# Cap3D Dataset Filtering

This notebook provides a step-by-step and visually-aided walk through the [Cap3D dataset](https://huggingface.co/datasets/tiange/Cap3D) filtering logic.

The filtering process makes use of the 3D asset descriptions provided by [Cap3D](https://cap3d-um.github.io/). These descriptions detail assets from a large-scale and broad-categoried collection of open-source 3D models (namely [Objaverse](https://arxiv.org/abs/2212.08051), [Objaverse-XL](https://arxiv.org/abs/2307.05663), and [ABO](https://arxiv.org/abs/2110.06199)).

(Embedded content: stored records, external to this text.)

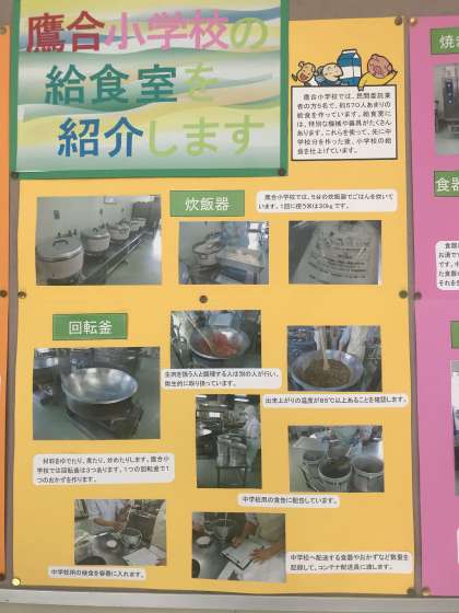 鷹合小学校の給食室の紹介がされています。中野中学校との親子給食も始まった2学期。民間委託業者の方、5人で約570人余りの給食を作っています。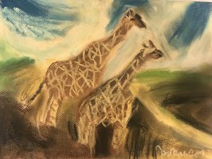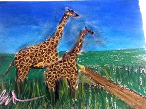 We actually have a lot more students, but I can’t post their artworks unless someone sends them to me. Enjoy these exotic animals, and scroll down for the Weekly Zoom Class Schedule.
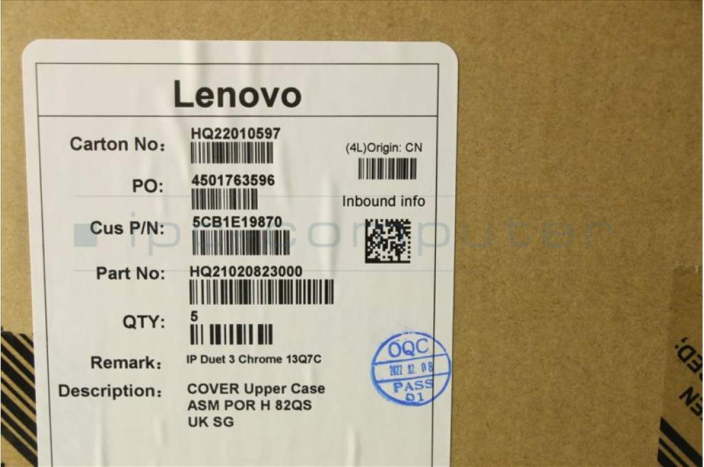 Lenovo 5CB1E19870 COVER Upper Case ASM POR H 82QS UK SG

The purpose of this notebook is to filter these assets for domain alignment with an architectural/building/interior design use case, with basic natural language processing techniques.

## Imports

In [1]:
import json
import os
from collections import Counter, OrderedDict
from pathlib import Path
from typing import List, Union

import nltk
import pandas as pd
from nltk.tokenize import word_tokenize

nltk.download("punkt")

[nltk_data] Downloading package punkt to
[nltk_data]     /home/yunusskeete/nltk_data...
[nltk_data]   Package punkt is already up-to-date!


True

## Visualise Captions

In [2]:
PATH_TO_CAPTIONS: Union[str, Path] = "captions/Cap3D_automated_Objaverse_full.csv"

df = pd.read_csv(
    PATH_TO_CAPTIONS,
    header=None,
    names=["id", "desc"],
)

Note, captions frequently contain reference to a "3D model":

In [3]:
df.loc[df["desc"].str.contains("3D")]

Unnamed: 0,id,desc
3,28d43a218cd8466a8c1f82b29b71e314,3D model of a cluttered outdoor scene with veg...
7,d7340a5b05b6460facbd90aaafb7f1f1,3D topographic landscape model with color-code...
8,bb3552fe9b074acf8ea531c2e9e25fe7,A stylized 3D corner room with textured walls ...
19,dcd9cb4775934a4d9572d923a3c8fc2c,"Abstract, amorphous 3D structure with varying ..."
23,578f5a1461a7441aad8a3a92f16ae94e,Monochromatic 3D model of a simplified frying ...
...,...,...
1002414,3536f5c1446f761882018b2f98f4d2aa901942a826cf36...,A voxel-based 3D model of a stylized monkey fa...
1002417,3623e74f34c1c3c523af6b2bb8ffcbe2d2dce897ef61b9...,Abstract 3D composition with human figures and...
1002418,64e9f7b7a1fc4c4ec56ed8b5917dfd610930043ac5e15f...,"3D object with a rough, irregular pink surface..."
1002419,fcd089d6a237fee21dfd5f0d6d9b74b2fd1150cdc61c7f...,Bright pink abstract 3D model of a building wi...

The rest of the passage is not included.